A Texas federal district court ruling on Friday that denied the White House’s right to enforce its COVID-19 vaccine mandate for federal workers is set to be upheld on appeal, legal experts say.
The mandate is the latest in a series of vaccination orders from the Biden administration to be tested against legal limitations on executive power. The requirement, set out in a Sept. 9 executive order, stated that certain non-exempt executive agency workers should be fully vaccinated by Nov. 22 or risk losing their jobs.
The decision comes after the Supreme Court halted enforcement of a separate mandate for large private employers that would have been administered by the Occupational Safety and Health Administration.
“Given the makeup of the 5th Circuit Court of Appeals and the recent Supreme Court ruling banning OSHA’s Emergency Temporary Standard, it seems unlikely that an appeal of the injunction will ultimately be successful,” said Brian Akin Gump Strauss Hauer & Feld. Patterson told Yahoo Finance, referring to the conservative appeals court composition that handles appeals from district court rulings in Texas, Louisiana and Mississippi. “Absent congressional action, I don’t believe the mandate will survive.”
On January 13, the United States Supreme Court blocked the White House from enforcing the other mandate targeting large private employers and their workers. The mandate, originally slated to take effect Jan. 4, directed OSHA to enforce a vaccination or testing rule for employers, which in turn was expected to affect about 84 million U.S. workers. Conversely, the Court ruled that another administrative mandate requiring healthcare workers to be vaccinated could be enforced based on the authority Congress granted to the Centers for Medicare and Medicaid through the Department. of Health and Social Services.

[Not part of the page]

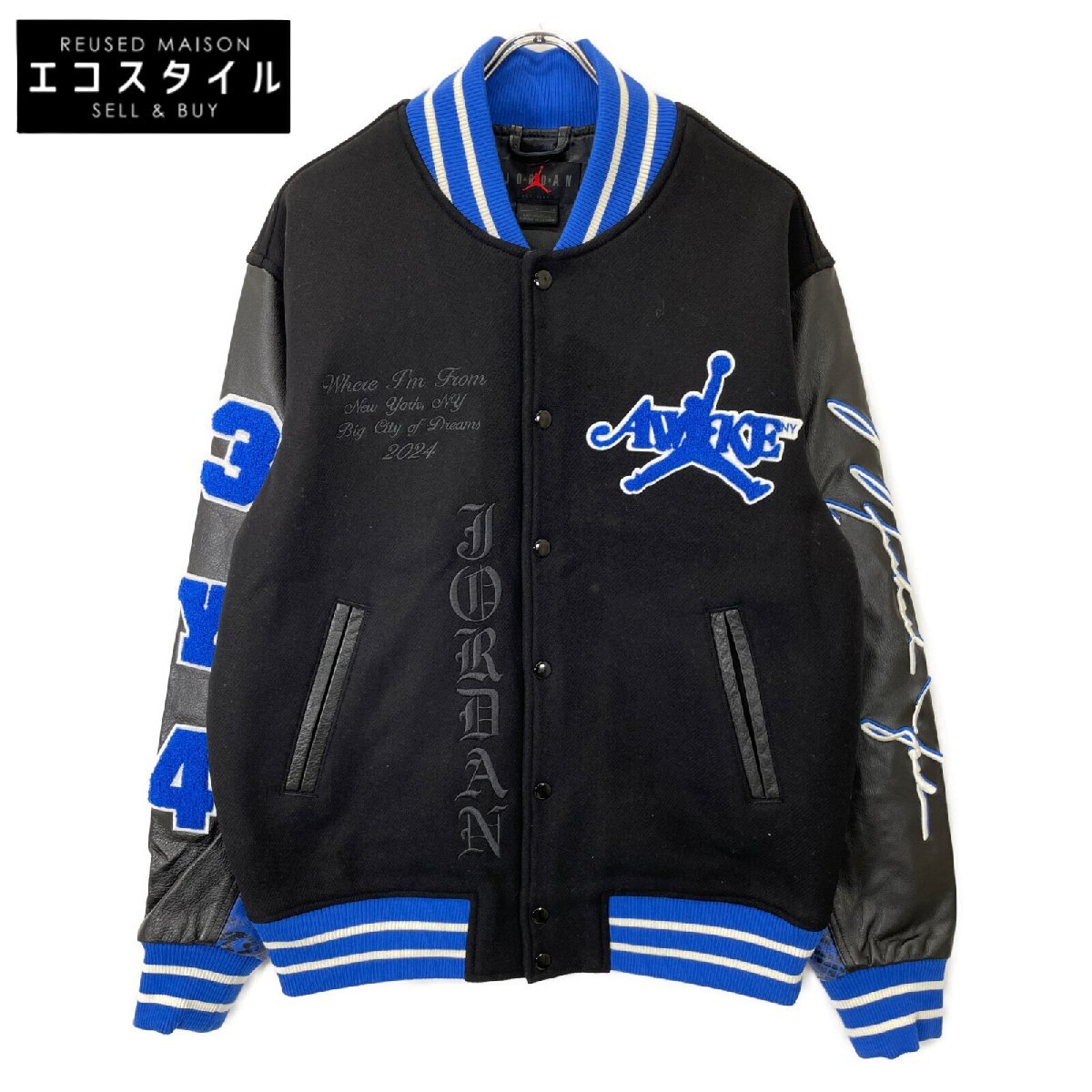NIKE ナイキ Jordan x Awake NYF Q5439-010 ブラック×ブルー Varsity Jacket ブラック S ジャケット ウール メンズ 中古

The Texas decision, Patterson said, “aligns closely with the Supreme Court’s rationale for outlawing OSHA’s emergency rule” in that the decision to get vaccinated does not constitute on-the-scene conduct. work that the President or OSHA has the authority to regulate. Similarly, he said, the Texas court ruled that the president can regulate the workplace conduct of executive employees, but not their conduct in general.

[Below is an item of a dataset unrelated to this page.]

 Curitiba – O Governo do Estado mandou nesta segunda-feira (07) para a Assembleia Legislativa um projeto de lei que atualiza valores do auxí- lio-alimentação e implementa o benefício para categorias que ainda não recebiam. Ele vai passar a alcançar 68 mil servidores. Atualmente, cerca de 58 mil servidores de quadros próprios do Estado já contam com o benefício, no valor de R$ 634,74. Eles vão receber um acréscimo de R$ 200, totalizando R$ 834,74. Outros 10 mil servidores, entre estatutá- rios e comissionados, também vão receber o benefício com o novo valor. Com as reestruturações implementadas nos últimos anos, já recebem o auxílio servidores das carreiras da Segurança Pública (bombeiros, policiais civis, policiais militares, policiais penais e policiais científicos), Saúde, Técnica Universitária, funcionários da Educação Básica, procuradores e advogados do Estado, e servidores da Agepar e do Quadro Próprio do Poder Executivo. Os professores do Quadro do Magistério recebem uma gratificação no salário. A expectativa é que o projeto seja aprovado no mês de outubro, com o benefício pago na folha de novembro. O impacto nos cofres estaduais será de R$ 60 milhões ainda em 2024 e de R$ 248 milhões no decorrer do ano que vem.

Lawyers Benjamin Noren, associate chair of Davidoff Hutcher & Citron’s labor and employment group, and Leigh Nason, co-chair of Ogletree Deakins’ federal contract compliance programs group, agreed that the 5th Circuit is a place unlikely for the Biden administration to win his appeal. .
However, according to Noren, neither the Supreme Court’s rationale for denying the application of the large employers’ mandate, nor its reasoning for applying the green light to the health care workers’ mandate, should affect the 5th Circuit’s findings.

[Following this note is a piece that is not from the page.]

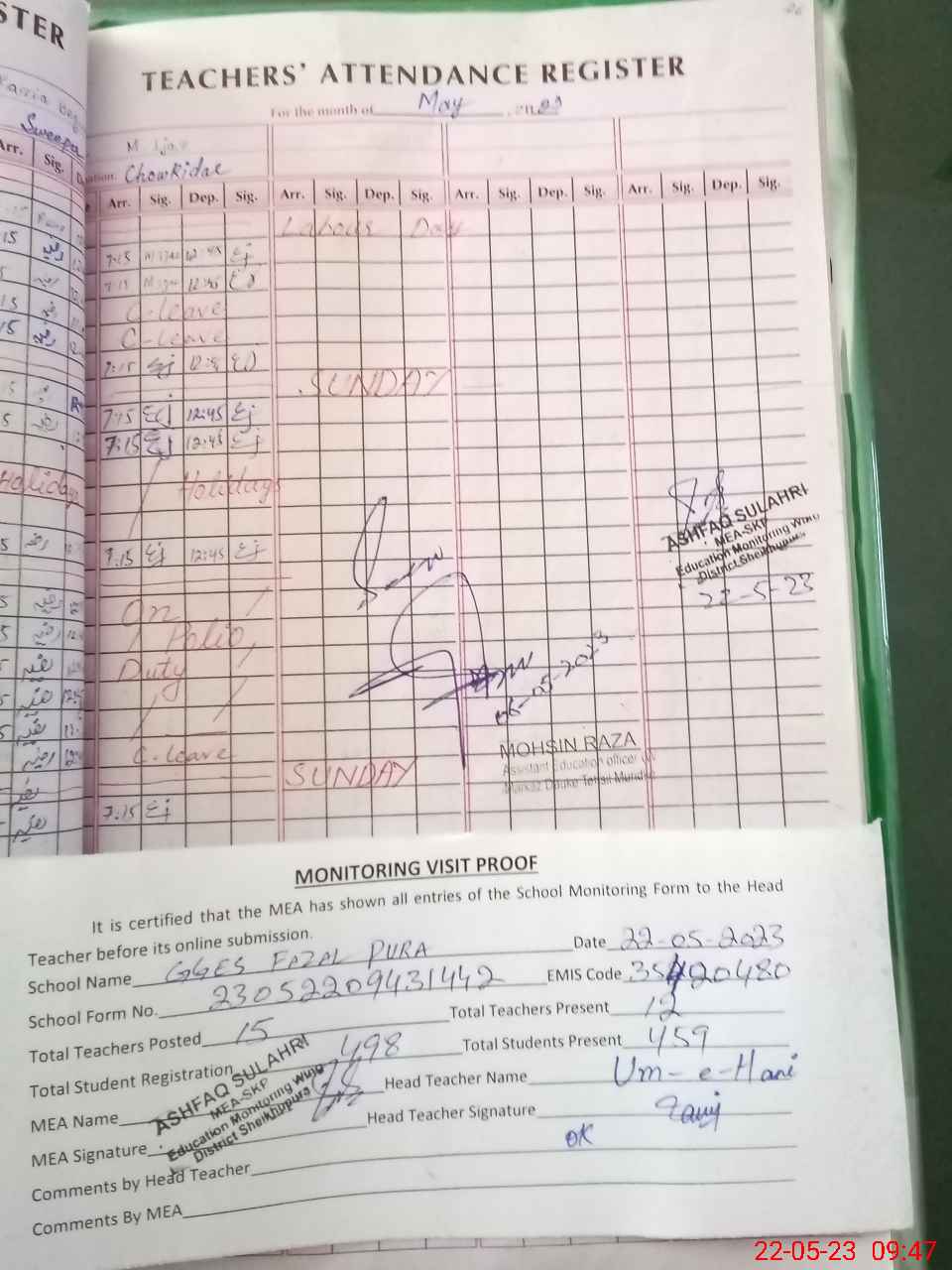 | Attendance Register | Head Teacher | MEA with School | Visit Proof |

“That’s a completely different legal issue,” Noren said of the federal workers’ mandate controversy.
He also argues that District Court Judge Jeffrey Brown expanded a statute on which his ruling was based by adding the word “workplace” to its wording which specifically states that the president may “prescribe regulations for the conduct executive employees.
Nason points to another distinction separating the legal analysis in the mandate of federal workers from the mandates of private employers. The government, she explains, is responsible for ensuring due process considerations for its employees that are not imposed on private employers. “It’s a different set of rules,” she said. Public employees, for example, have the right to a hearing when faced with a potential dismissal.
It remains unclear whether the administration’s appeal to the 5th Circuit will be expedited and whether the case will eventually end up in the Supreme Court.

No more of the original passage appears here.